**** Extracted data
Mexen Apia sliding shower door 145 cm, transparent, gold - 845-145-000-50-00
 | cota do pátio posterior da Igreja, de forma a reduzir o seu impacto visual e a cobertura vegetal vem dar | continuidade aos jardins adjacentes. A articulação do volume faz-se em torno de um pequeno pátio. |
********
**** Extracted data
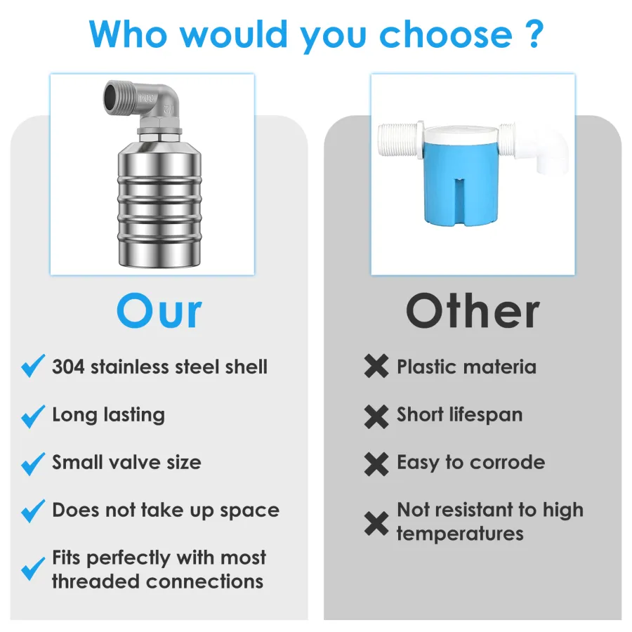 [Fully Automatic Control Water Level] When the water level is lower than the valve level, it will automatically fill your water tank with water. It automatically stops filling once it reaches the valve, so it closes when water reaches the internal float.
********
■ About this task: Would you please write out, exactly and with no other lines, the stretch of the listing above from the line containing "Mexen Apia sliding" through the line containing "pequeno pátio. |"?

■ Final answer:
Mexen Apia sliding shower door 145 cm, transparent, gold - 845-145-000-50-00
 | cota do pátio posterior da Igreja, de forma a reduzir o seu impacto visual e a cobertura vegetal vem dar | continuidade aos jardins adjacentes. A articulação do volume faz-se em torno de um pequeno pátio. |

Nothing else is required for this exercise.